A few years ago my wife started doing some genealogy research. Early on in her research, she ran across the fascinating story of her great-great-grandmother, Sophie. Sophie Cathrine Wilhelmine Klauen Petersen and her children emigrated from Denmark in 1856. She traveled from Denmark to England where she sailed from Liverpool to New York City. From New York, she traveled by train to Iowa City, Iowa where she became a part of the Willie Handcart Company.
1n 1856, over nineteen hundred European immigrants signed up to make the thousand-mile journey from Iowa City to Salt Lake City pulling handcarts. They were organized into companies, with Sophie and her children becoming a part of the Willie Handcart Company. Although Sophie and her children arrived safely in Salt Lake City, over sixty members of the Willie Handcart Company died on the trail.
My wife has been very interested in the details of this story and has done a lot of research. As these pioneers pulled handcarts across the plains and the Rocky Mountains they faced starvation, hypothermia, frozen limbs and death. Jens Nielsen of the Willie Handcart Company wrote, “No person can describe it, nor could it be comprehended or understood by any human living in this life, but those who were called to pass through it.”

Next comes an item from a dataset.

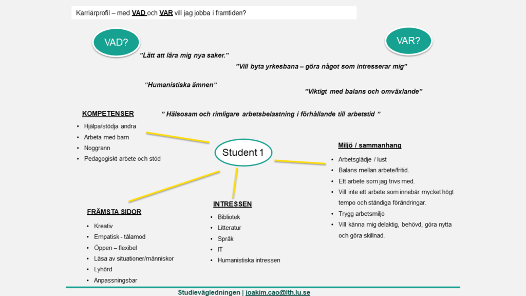 Verksam studie- och karriärvägledare vid ett svenskt lärosäte.
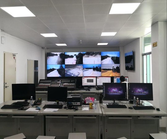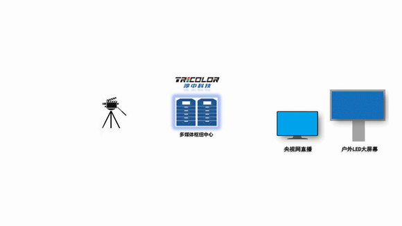 实现多媒体信息资源互联互通:采用分布式传输+集中式处理架构。分散在赛事现场十公里内的200来个摄像机和网络摄像头,通过光纤及网络方式将高清视频及音频信息传输至指挥控制中心的“多媒体枢纽双中心“,经过图像处理后再通过光纤输送至显示大屏和各接收端。同时随路音视频同步切换技术,保证前方采集的视频信息与音频信息同步切换,实现观礼台、导播室、央视直播间等区域的多媒体信息音视频同步。

While she was researching her family tree, my wife found that some of her ancestors were very interesting historical figures including Alfred the Great and Charlemagne. Along with royalty she also found some less savory ancestors. One relative that she found in her research was John D. Lee. He was infamous because of his involvement in the Mountain Meadows Massacre that took place in Utah on September 11, 1857. On that day, Native Americans and members of the Mormon church attacked a wagon train and slaughtered 120 people including women and children. The Mormon Church turned John D. Lee over to the Federal authorities as a scapegoat. He was the only person convicted out of the estimated 50 to 70 Mormon participants and was executed for his crimes.
I’m sure that all of us have some bad ancestors. Some people are ashamed of the actions of their ancestors and think that it reflects badly on them. If the thought of unsavory ancestors bothers you, you probably should not attempt genealogy. I do not know of anyone doing genealogy that has not uncovered something from the past they are not proud of. I'm sure glad I'm not responsible for anything my ancestors did.
In Matthew 1:1-17, we find the genealogy of Jesus. Whenever I find genealogies in the Bible, I usually skip over them to read something more interesting. But recently as I was reading the Christmas story I started with Matthew 1 and read from the beginning. I wondered why Matthew started his gospel with a boring genealogy. As I read, I noticed something unusual. Matthew included four women.
If you read all of the other genealogies in the Bible or from any literature from the time, none of them include women. Matthew not only included women in the genealogy but women with poor reputations.
In Matthew 1:3 we find Tamar listed as an ancestor of Jesus. Tamar was a widow who disguised herself as a prostitute to trick her father-in-law into getting her pregnant and bore a child named Perez. A disturbing story introduces an illegitimate Perez into the lineage of Jesus.
In Matthew 1:5, Rahab, a prostitute, is listed in the genealogy. She is not an Israelite, but a heathen Canaanite. She bore a son named Boaz. The wife of Boaz, the Moabite woman Ruth, is specifically mentioned as an ancestor of Jesus. The fourth woman listed is Bathsheba, with whom King David had an adulterous affair that resulted in the birth of King Solomon.
Matthew decided to open his gospel by saying that Jesus descended from the incest of Tamar, the prostitution of Rahab, the Moabite Ruth, and the adultery of Bathsheba. Why would he begin his book this way? It shows that Jesus was one of us. He was human. John 1:14 (NKJV) tells us that He, “became flesh and dwelt among us.” But all of the moral failures of the ancestors of Jesus did not stop Him from achieving His purpose. Jesus, just like each one of us, had unsavory ancestors. But Hebrews 4:15 (NCV) tells us, “For our High Priest is able to understand our weaknesses. He was tempted in every way that we are, but he did not sin.”
Gentle Reader, the message of Christmas is that God is love. “For God so loved the world that He gave His only begotten Son, that whoever believes in Him should not perish but have everlasting life.” John 3:16 (NKJV) No matter what is in your past, no one is beyond redemption. Matthew 1:21 (NKJV) gives us the focal point of the Christmas story; “she will bring forth a Son, and you shall call His name Jesus, for He will save His people from their sins.” Jesus did not give up on the world but chose to enter into this turbulent human experience as a baby in order to reconcile the world to himself. That is what Christmas is all about, and that is good news.